5. Be Patient With Them
If you’re adopting a cat, chances are you’re very excited to have them as part of your family. But it’s important to keep in mind that for them, this could be a scary time of transition. Even if they’re glad to have food, a place to sleep, and the love you can offer them, they might be very scared. Know that easing a new cat into your family will take time. It is going to be a challenging process, so patience is key. Allow the cat to get close to you on its own terms and give it lots of love.
My Experience Adopting a Stray Cat
On the 24th of April 2020, I went to the place where we had found the stray cat colony, next to our place, and the cat I liked the most was there. I called Alejandro and ask him to come and bring the transportation box we had bought that morning with him. With some food as a bait, we managed to trap the cat and took him straight to the vet.
The vet checked him out, but since the cat was scared, he didn’t want to sedate him or anything. He just gave me some ampoules for the fleas and that was it. He said we should put the cat in a separate room until he gets used to his new environment, and said that we need to be patient because it might take some time for that to happen. In two weeks’ time, we should take Pinky (that’s the name we chose for him) to the vet again for some blood tests.

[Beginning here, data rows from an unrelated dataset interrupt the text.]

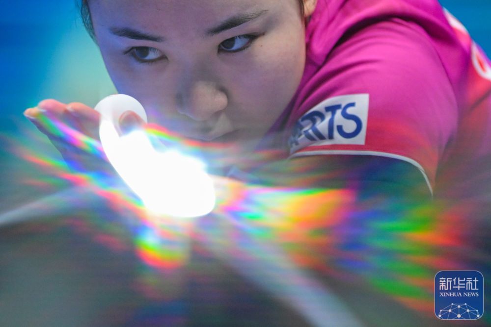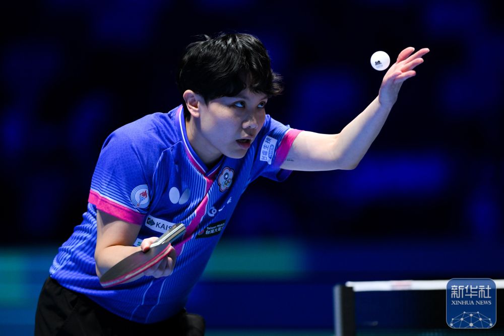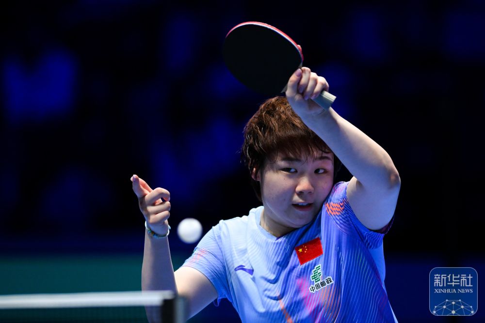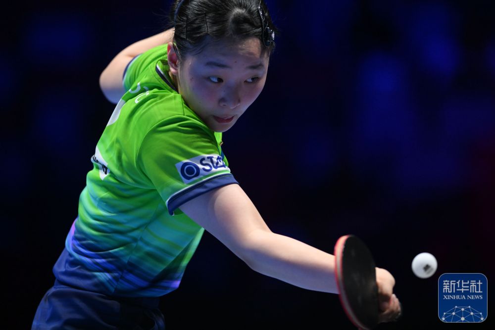 ↑中国选手蒯曼在女子单打小组赛中回球。最终,她3比2战胜法国选手夏洛特·卢茨。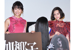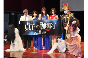 日本発の2大ホラークィーンが激突する映画『貞子vs伽椰子』の完成記念イベントが5月23日(月)に開催。山本美月、玉城ティナ、佐津川愛美、白石晃士監督、さらに主題歌を歌う「聖飢魔II」のデーモン閣下、そして貞子、伽椰子、俊雄も来場し観客を恐怖に叩き落した。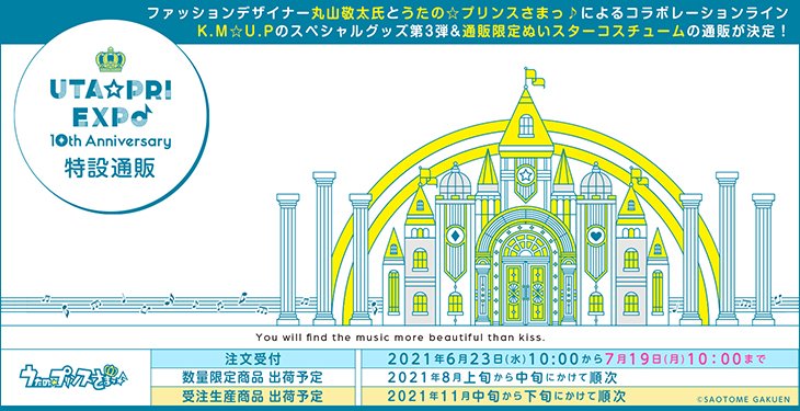 UTA☆PRI EXPOで販売された、丸山敬太氏と「うたの☆プリンスさまっ♪」のコラボ「K.M☆U.P」グッズの数量限定通販と、通販限定の「ぬいスターコスチューム」の受注生産が開始❗

We brought Pinky home and prepared our spare room for him, with some food, water, litter, boxes for him to hide, etc. We then sat on the floor and opened the transportation box. He was super scared and just ran out of it, and climbed the wardrobe. After a while, he came down and went hiding under the bed – that’s his favorite spot to hide ever since. I felt bad when I saw him so scared, but everyone told me it’s normal and it’s going to take some time for him to adapt.
On Saturday, day 2, I started panicking because I thought Pinky was not eating or drinking water at all. At night, I laid down on the floor, next to the bed where he was hiding, and read my book for a bit.

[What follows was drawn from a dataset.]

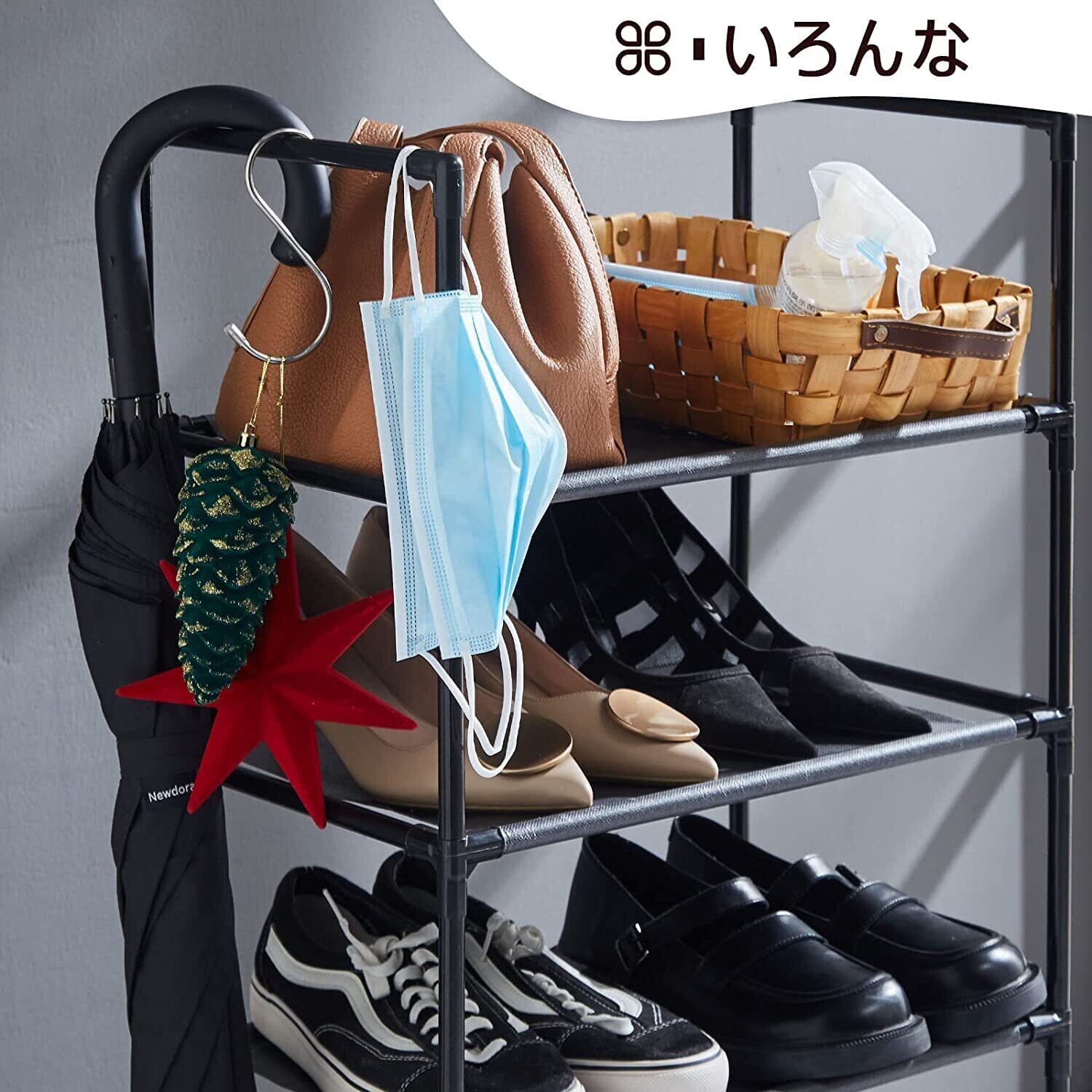 シューズラック10段 靴収納 分割可 シューズラックスリム 省スペース 組み立て式 10足 不織布 玄関に靴を効率収納 (ブラック、10段)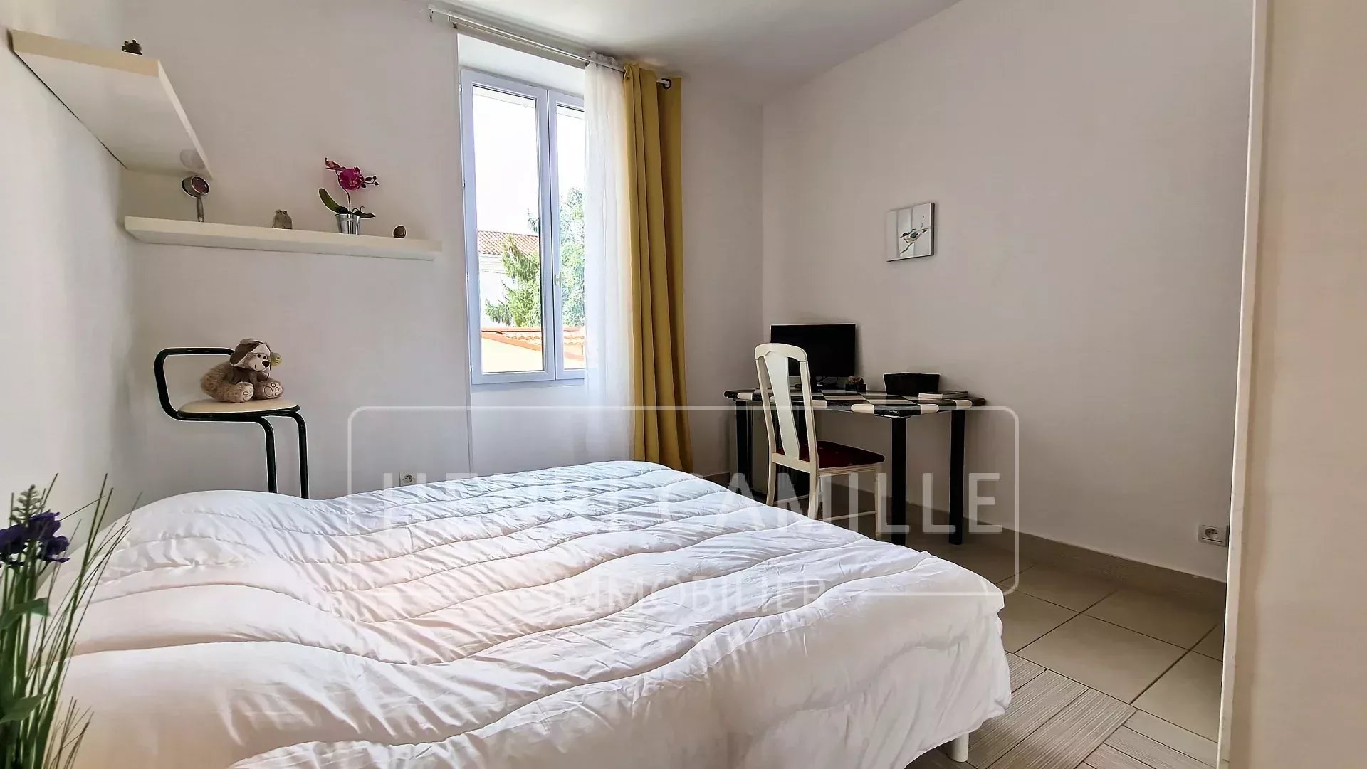 Il est composé d'une grande pièce de vie avec salon, salle à manger et cuisine, donnant sur une petite terrasse ensoleillée toute la journée ; une chambre avec lit double et sa salle de douche et WC, une deuxième chambre avec 2 lits simples, une 3ème chambre avec un lit double et un lit simple, sa salle de douche moderne et WC.

After a while, I used an app I found online with sounds to calm down scared cats, and it worked actually! I laid there, looking at Pinky, with the music on, and saw that he was getting more and more relaxed, and even changed places twice. I think it’s good that he’s getting used to our presence in the same room. Before leaving the room, I left some treats and freshwater. I read it’s good that he associates our presence with good things.
In the morning I was happy when I found out that Pinky had used the litter tray to pee and poop! I was so scared the previous night when I read online that some cats actually starve to death when they are scared – and that with only 3 days without water a cat can die! I found lots of proof that he had peed and pooped in the litter box, and now at least I’m not scared of that anymore. I laid on the floor again, reading, next to Pinky. Then I used another app with cat sounds, but I think some of those sounds were of angry cats, and Pinky got really agitated! It was not a good idea. However, overall, I start seeing some small improvements, he doesn’t seem so scared of us anymore.